▶ Problem to work on: From the line containing "(เมืองตากอากาศปลอดมลพิษ ที่ได้ ชื่อว่าสวยงามเหมือนสวรรค์บนดิน)" to the end of the data, retype every line exactly and nothing else. Drop the pictures.

Data records:
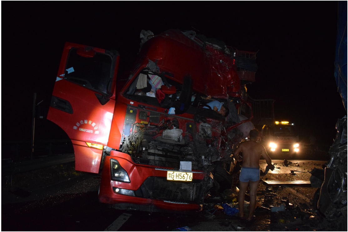
图 6 事故现场图（豫 GH5676 号重型特殊结构货车）
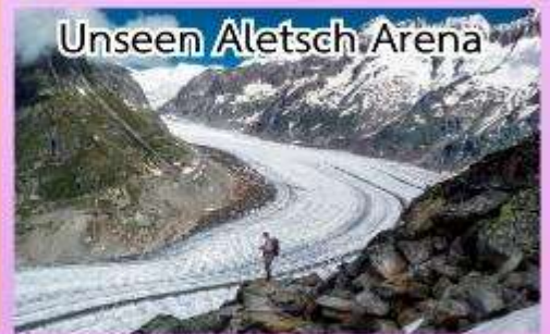
Unseen Aletsch Arena

ชมความงดงามของทะเลสาบเจนีวา ชมปราสาทชิลองที่เมืองมอว์คเทออร์ช ล่องเรือชมความงามของทะเลสาบ ลูเซิร์น, พักในหมู่บ้านเซอร์แมท (เมืองตากอากาศปลอดมลพิษ ที่ได้ ชื่อว่าสวยงามเหมือนสวรรค์บนดิน)
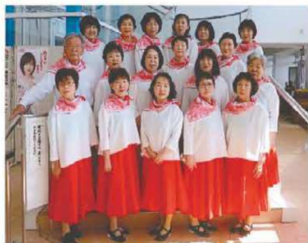
《鶴殿レクダンスの仲間》

私達の鶴殿レクダンスサークルでは発表に向け、1月から練習に励み衣装等考えながら取り組んでいただけに残念！会員は「しかたないね」と納得。しかし、発表がなくサークル活動も中止となると「寂しいね」「早く収まってほしいね」と多くの声。

▶ Written solution:
ชมความงดงามของทะเลสาบเจนีวา ชมปราสาทชิลองที่เมืองมอว์คเทออร์ช ล่องเรือชมความงามของทะเลสาบ ลูเซิร์น, พักในหมู่บ้านเซอร์แมท (เมืองตากอากาศปลอดมลพิษ ที่ได้ ชื่อว่าสวยงามเหมือนสวรรค์บนดิน)
《鶴殿レクダンスの仲間》

私達の鶴殿レクダンスサークルでは発表に向け、1月から練習に励み衣装等考えながら取り組んでいただけに残念！会員は「しかたないね」と納得。しかし、発表がなくサークル活動も中止となると「寂しいね」「早く収まってほしいね」と多くの声。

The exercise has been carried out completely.